> [Exercise brief]: All the entries need to be quoted exactly, apart from the pictures, which you should drop.

○ ○ ○ ○

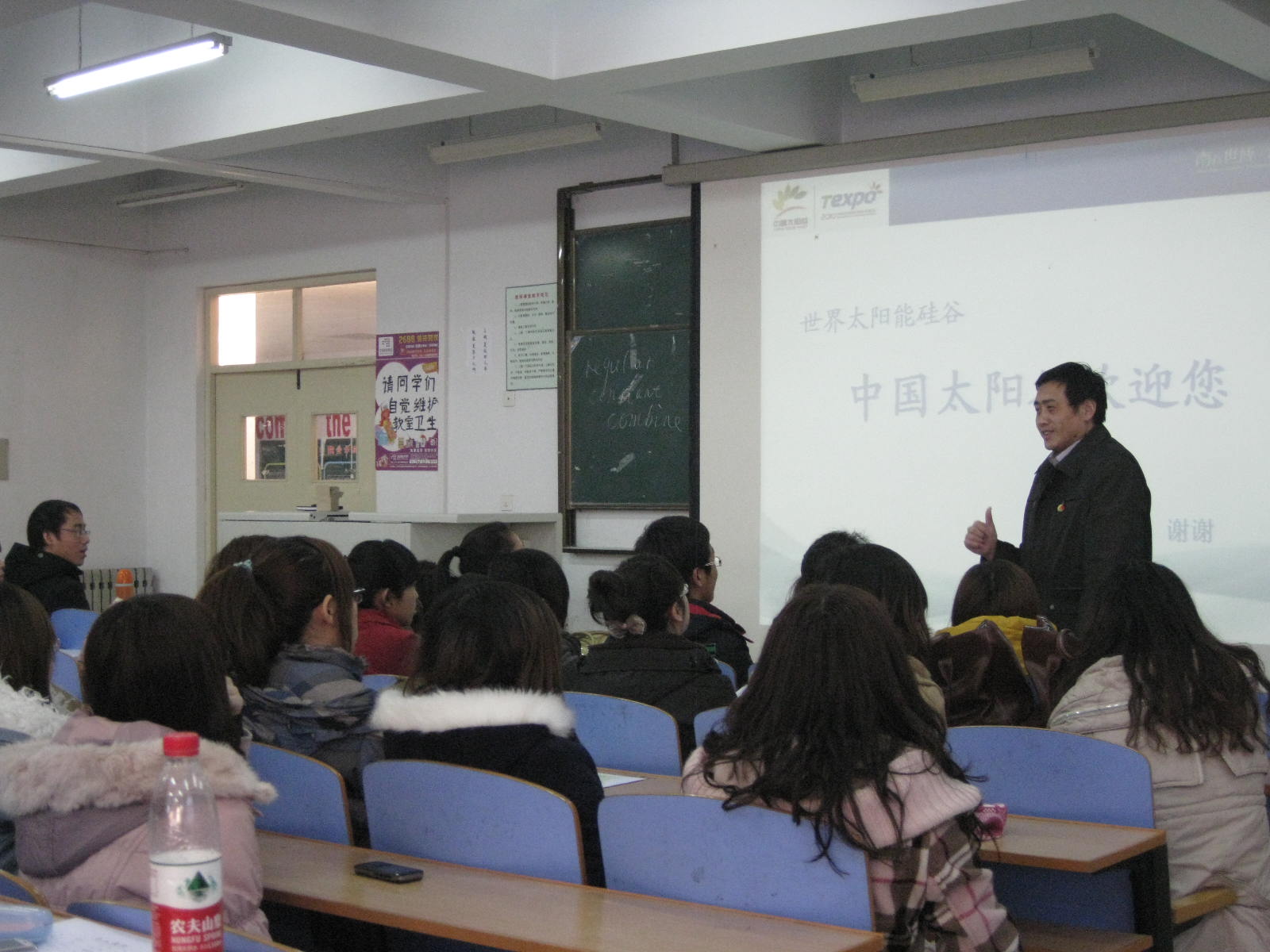 首先,皇明太阳能股份公司的招聘代表佟女士为毕业生播放皇明太阳能“太阳谷”的宣传片,之后将皇明太阳能股份有限公司的公司规模、产品研发、产业布局、发展前景、招聘岗位、基本待遇等情况向毕业生做了较为详细的讲解,并诚挚的邀请M88官方网站的员工加入皇明,同时也欢迎大家有机会去皇明公司参观考察和实习。讲解后,刘朝晖书记代表公司欢迎皇明太阳能股份有限公司佟女士一行,并谈到自己去皇明公司考察的经历,要求全体毕业生转变观念,面向市场。通过对行业和企业的分析,鼓励大家去皇明太阳能实习就业。
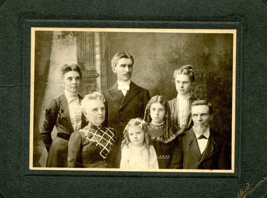 Barber family. Rev. Charles W. Barber, Clemma (Mary Clementine Woodard) Barber, Mabel Barber, Ethel Barber, Hazel Barber, and Clemma's parents Orin Woodard and Melissa E. (Stratton) Woodard. [identifications are assumed] Taken by Wheat of Rockford, Illinois. c1900.
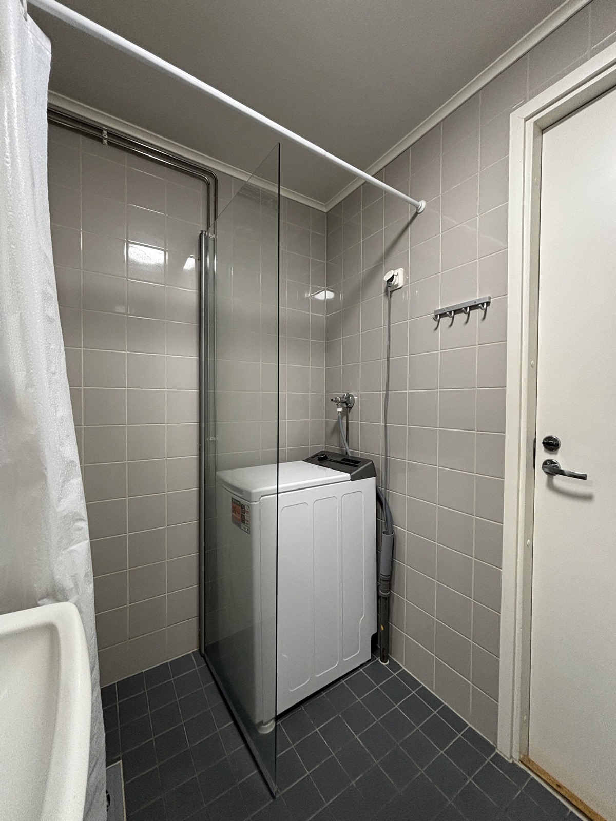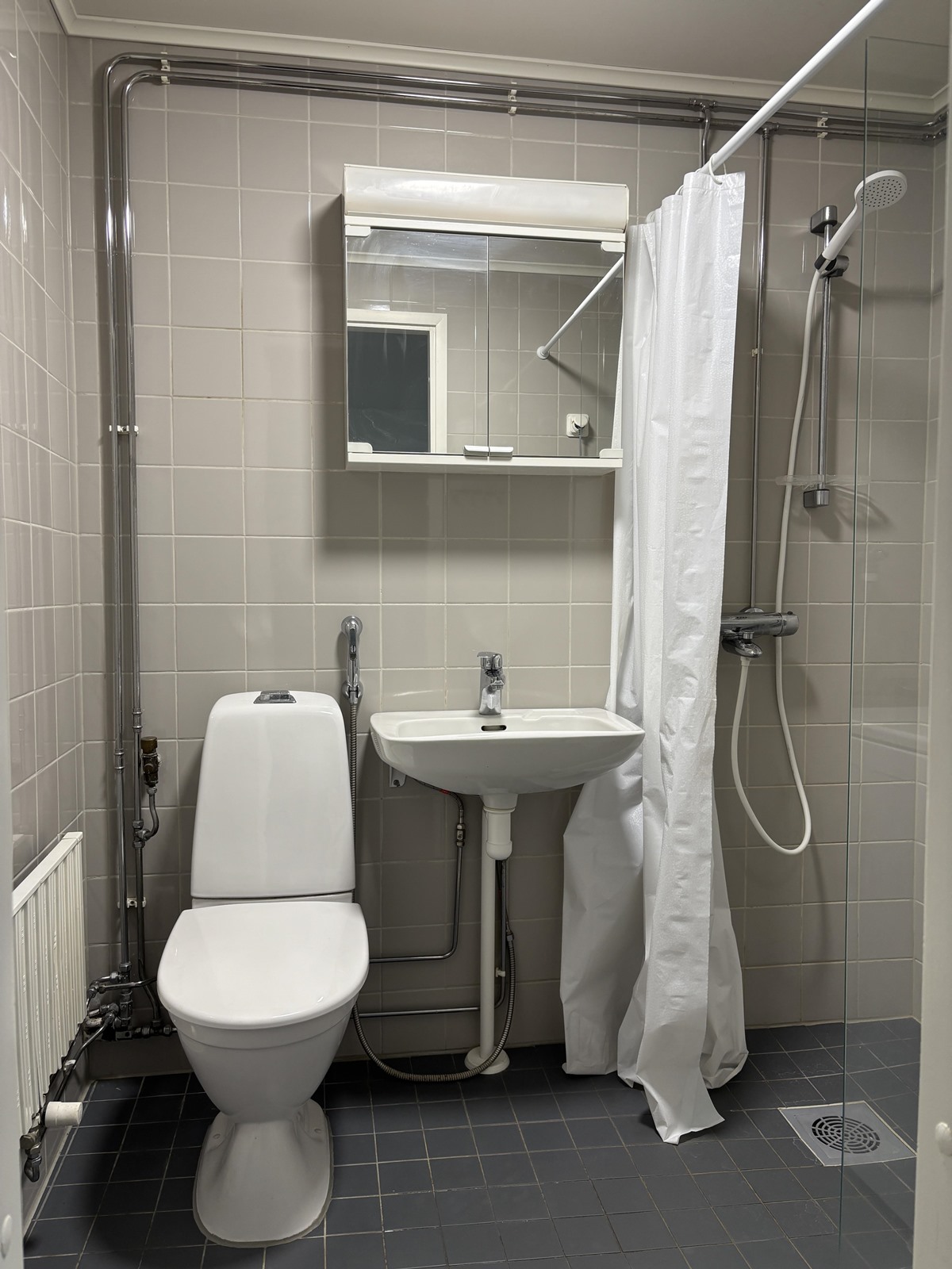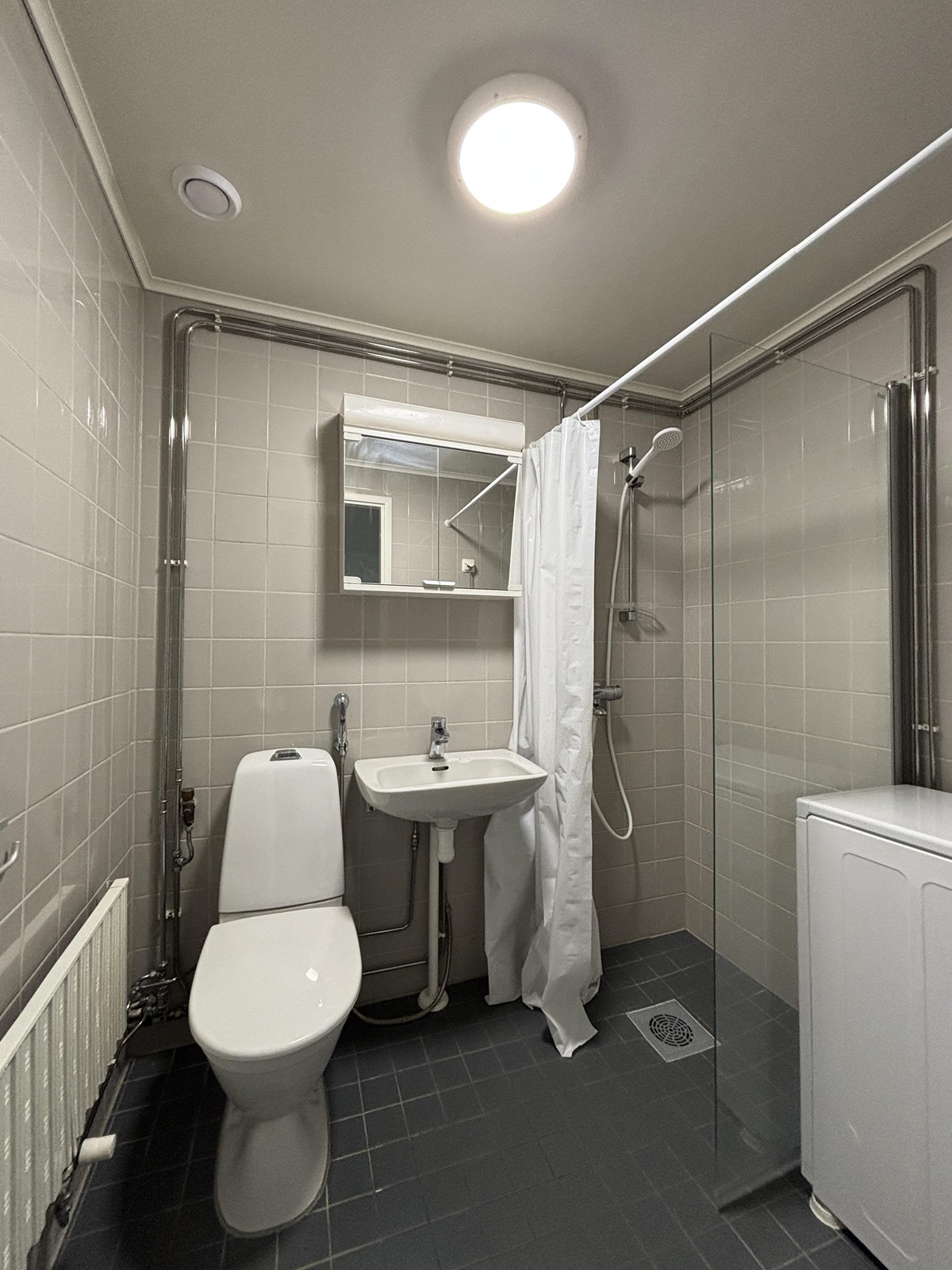 - Suihku suihkuverhotanko, suihkuseinä, peilikaappi, pesukoneliitäntä, lattialämmitys, kiinteät valaisimet.
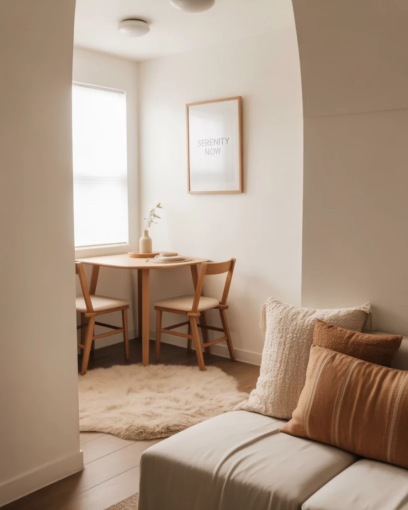 Minimalism finds its true strength in small tiny homes where every inch counts. In 2026, clever furniture arrangement ideas—sofas with hidden storage, fold-out tables, or modular shelving—are essential. Combining a living room with dining area allows these spaces to feel multifunctional without clutter. Choosing neutral tones and cozy boho textiles keeps the home inviting, while compact rugs define each zone. This practical yet stylish approach is an inspiration for anyone downsizing or rethinking urban living.
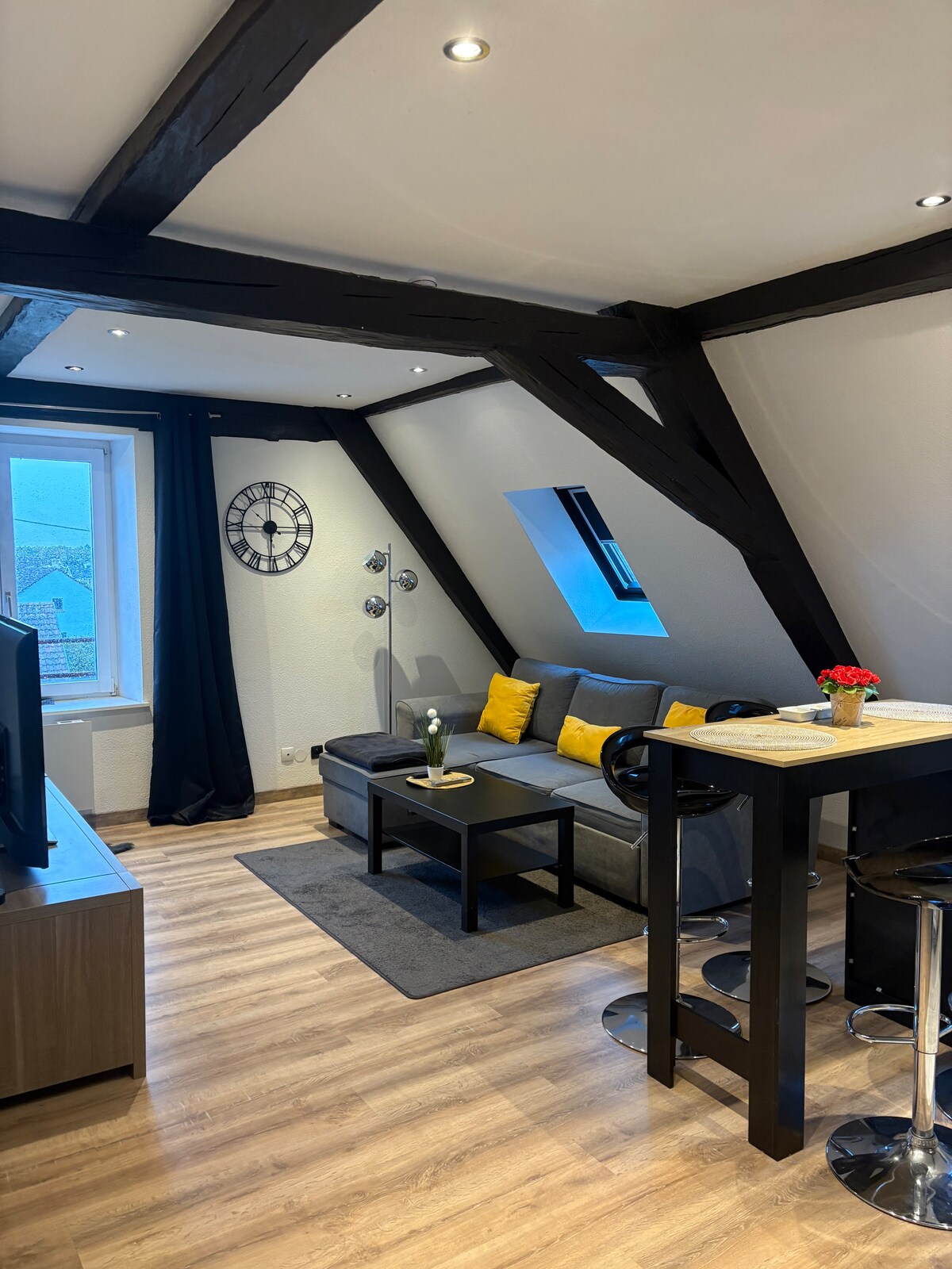 Entdecken Sie diese charmante Wohnung, geräumig und komplett renoviert, mit sichtbaren Balken und Blick auf den Weinberg. Nur einen Katzensprung vom Stadtzentrum und den Geschäften entfernt und ideal an der Elsässer Weinstraße gelegen, 20 Minuten von Colmar und Mulhouse und 30 Minuten vom Skigebiet Markstein entfernt. Zu Ihrer Verfügung: Kaffee und Tee, WLAN, Netflix,... Die Betten sind bei Ihrer Ankunft gemacht und Handtücher werden zur Verfügung gestellt.

○ ○ ○ ○

> [The answer]:
 首先,皇明太阳能股份公司的招聘代表佟女士为毕业生播放皇明太阳能“太阳谷”的宣传片,之后将皇明太阳能股份有限公司的公司规模、产品研发、产业布局、发展前景、招聘岗位、基本待遇等情况向毕业生做了较为详细的讲解,并诚挚的邀请M88官方网站的员工加入皇明,同时也欢迎大家有机会去皇明公司参观考察和实习。讲解后,刘朝晖书记代表公司欢迎皇明太阳能股份有限公司佟女士一行,并谈到自己去皇明公司考察的经历,要求全体毕业生转变观念,面向市场。通过对行业和企业的分析,鼓励大家去皇明太阳能实习就业。
 Barber family. Rev. Charles W. Barber, Clemma (Mary Clementine Woodard) Barber, Mabel Barber, Ethel Barber, Hazel Barber, and Clemma's parents Orin Woodard and Melissa E. (Stratton) Woodard. [identifications are assumed] Taken by Wheat of Rockford, Illinois. c1900.
 - Suihku suihkuverhotanko, suihkuseinä, peilikaappi, pesukoneliitäntä, lattialämmitys, kiinteät valaisimet.
 Minimalism finds its true strength in small tiny homes where every inch counts. In 2026, clever furniture arrangement ideas—sofas with hidden storage, fold-out tables, or modular shelving—are essential. Combining a living room with dining area allows these spaces to feel multifunctional without clutter. Choosing neutral tones and cozy boho textiles keeps the home inviting, while compact rugs define each zone. This practical yet stylish approach is an inspiration for anyone downsizing or rethinking urban living.
 Entdecken Sie diese charmante Wohnung, geräumig und komplett renoviert, mit sichtbaren Balken und Blick auf den Weinberg. Nur einen Katzensprung vom Stadtzentrum und den Geschäften entfernt und ideal an der Elsässer Weinstraße gelegen, 20 Minuten von Colmar und Mulhouse und 30 Minuten vom Skigebiet Markstein entfernt. Zu Ihrer Verfügung: Kaffee und Tee, WLAN, Netflix,... Die Betten sind bei Ihrer Ankunft gemacht und Handtücher werden zur Verfügung gestellt.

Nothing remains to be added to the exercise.